All of lore.kernel.org
 help / color / mirror / Atom feed
* [PATCH] iommu/io-pgtable-arm: Make allocations NUMA-aware
@ 2018-05-21 18:12 ` Robin Murphy
  0 siblings, 0 replies; 6+ messages in thread
From: Robin Murphy @ 2018-05-21 18:12 UTC (permalink / raw)
  To: will.deacon-5wv7dgnIgG8
  Cc: iommu-cunTk1MwBs9QetFLy7KEm3xJsTq8ys+cHZ5vskTnxNA,
	linux-arm-kernel-IAPFreCvJWM7uuMidbF8XUB+6BGkLq7r

We would generally expect pagetables to be read by the IOMMU more than
written by the CPU, so in NUMA systems it would be preferable to avoid
the IOMMU making cross-node pagetable walks if possible.

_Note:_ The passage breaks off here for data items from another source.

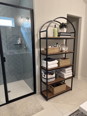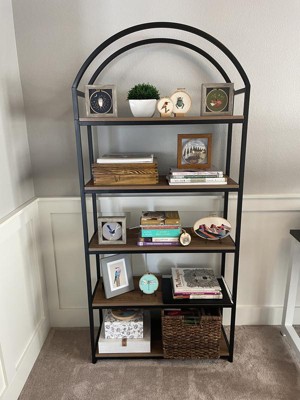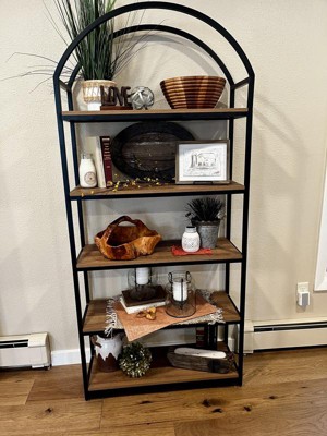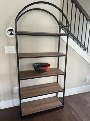 72" Haven Wood and Metal 5 Shelf Arch Bookshelf Reclaimed Oak/Matte Black - Nathan James
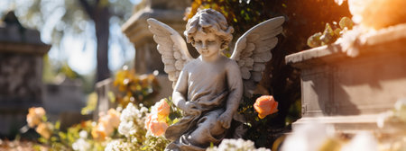Stone angel with flowers in a cemetery
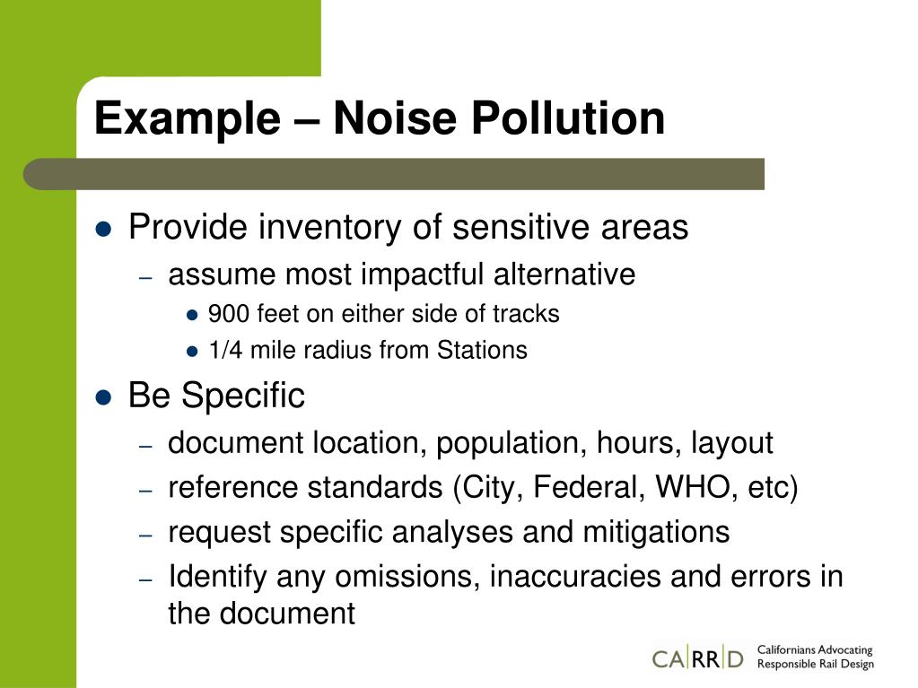 Example – Noise Pollution • Provide inventory of sensitive areas • assume most impactful alternative • 900 feet on either side of tracks • 1/4 mile radius from Stations • Be Specific • document location, population, hours, layout • reference standards (City, Federal, WHO, etc) • request specific analyses and mitigations • Identify any omissions, inaccuracies and errors in the document

We already have
a handle on the IOMMU device for the sake of coherency management, so
it's trivial to grab the appropriate NUMA node when allocating new
pagetable pages.

Note that we drop the semantics of alloc_pages_exact(), but that's fine
since they have never been necessary: the only time we're allocating
more than one page is for stage 2 top-level concatenation, but since
that is based on the number of IPA bits, the size is always some exact
power of two anyway.

Signed-off-by: Robin Murphy <robin.murphy-5wv7dgnIgG8@public.gmane.org>
---
 drivers/iommu/io-pgtable-arm.c | 12 ++++++++----
 1 file changed, 8 insertions(+), 4 deletions(-)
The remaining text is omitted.